● WHAT THE TASK ASKS
Produce word for word the lines of the data below running from the one that has "周均线的趋势。关注后期 5 周均线对价格的支撑力度。" to the one that has "공의회는 이 항의 시작에서", inclusive, and no others.

● INFORMATION SHOWN
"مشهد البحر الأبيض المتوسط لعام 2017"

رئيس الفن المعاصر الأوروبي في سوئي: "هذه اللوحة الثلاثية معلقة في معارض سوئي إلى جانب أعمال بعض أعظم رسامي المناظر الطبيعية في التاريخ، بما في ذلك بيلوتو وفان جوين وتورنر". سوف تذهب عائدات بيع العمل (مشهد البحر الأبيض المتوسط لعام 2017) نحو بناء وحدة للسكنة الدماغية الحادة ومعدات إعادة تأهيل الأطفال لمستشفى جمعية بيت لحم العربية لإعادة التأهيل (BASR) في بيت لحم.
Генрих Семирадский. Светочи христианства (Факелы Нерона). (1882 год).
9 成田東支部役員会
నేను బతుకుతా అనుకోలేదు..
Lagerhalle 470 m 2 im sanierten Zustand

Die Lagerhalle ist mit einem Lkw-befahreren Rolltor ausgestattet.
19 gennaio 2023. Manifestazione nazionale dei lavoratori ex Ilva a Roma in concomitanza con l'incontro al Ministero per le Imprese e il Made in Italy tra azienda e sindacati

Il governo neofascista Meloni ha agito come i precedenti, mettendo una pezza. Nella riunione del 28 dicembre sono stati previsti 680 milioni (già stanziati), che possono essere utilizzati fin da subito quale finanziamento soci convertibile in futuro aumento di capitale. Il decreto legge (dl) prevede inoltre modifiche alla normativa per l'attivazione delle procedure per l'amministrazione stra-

...

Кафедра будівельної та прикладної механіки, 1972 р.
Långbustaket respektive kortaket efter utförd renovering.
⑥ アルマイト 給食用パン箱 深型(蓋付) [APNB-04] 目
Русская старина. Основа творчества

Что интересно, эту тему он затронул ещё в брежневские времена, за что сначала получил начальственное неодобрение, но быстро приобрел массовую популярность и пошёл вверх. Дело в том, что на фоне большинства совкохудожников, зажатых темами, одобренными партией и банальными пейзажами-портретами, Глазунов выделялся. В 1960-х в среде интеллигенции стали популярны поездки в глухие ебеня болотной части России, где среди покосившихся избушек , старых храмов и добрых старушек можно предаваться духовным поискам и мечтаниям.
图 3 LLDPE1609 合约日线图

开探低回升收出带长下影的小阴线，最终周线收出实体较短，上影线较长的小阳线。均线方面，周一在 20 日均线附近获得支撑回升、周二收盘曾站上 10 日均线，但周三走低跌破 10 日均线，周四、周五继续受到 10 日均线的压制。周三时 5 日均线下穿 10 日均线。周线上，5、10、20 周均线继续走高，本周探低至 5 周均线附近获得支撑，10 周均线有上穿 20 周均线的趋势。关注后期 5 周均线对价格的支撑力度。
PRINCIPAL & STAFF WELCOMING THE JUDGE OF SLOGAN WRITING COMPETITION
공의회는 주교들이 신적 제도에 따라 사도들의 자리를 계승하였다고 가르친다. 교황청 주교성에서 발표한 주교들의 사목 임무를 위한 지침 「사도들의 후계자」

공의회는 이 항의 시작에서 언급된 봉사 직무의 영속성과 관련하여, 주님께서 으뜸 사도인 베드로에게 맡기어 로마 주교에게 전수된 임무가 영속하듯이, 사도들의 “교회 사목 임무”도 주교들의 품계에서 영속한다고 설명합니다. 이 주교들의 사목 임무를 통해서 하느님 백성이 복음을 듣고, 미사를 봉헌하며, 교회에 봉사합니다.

● ANSWER TO THIS TASK
开探低回升收出带长下影的小阴线，最终周线收出实体较短，上影线较长的小阳线。均线方面，周一在 20 日均线附近获得支撑回升、周二收盘曾站上 10 日均线，但周三走低跌破 10 日均线，周四、周五继续受到 10 日均线的压制。周三时 5 日均线下穿 10 日均线。周线上，5、10、20 周均线继续走高，本周探低至 5 周均线附近获得支撑，10 周均线有上穿 20 周均线的趋势。关注后期 5 周均线对价格的支撑力度。
PRINCIPAL & STAFF WELCOMING THE JUDGE OF SLOGAN WRITING COMPETITION
공의회는 주교들이 신적 제도에 따라 사도들의 자리를 계승하였다고 가르친다. 교황청 주교성에서 발표한 주교들의 사목 임무를 위한 지침 「사도들의 후계자」

공의회는 이 항의 시작에서 언급된 봉사 직무의 영속성과 관련하여, 주님께서 으뜸 사도인 베드로에게 맡기어 로마 주교에게 전수된 임무가 영속하듯이, 사도들의 “교회 사목 임무”도 주교들의 품계에서 영속한다고 설명합니다. 이 주교들의 사목 임무를 통해서 하느님 백성이 복음을 듣고, 미사를 봉헌하며, 교회에 봉사합니다.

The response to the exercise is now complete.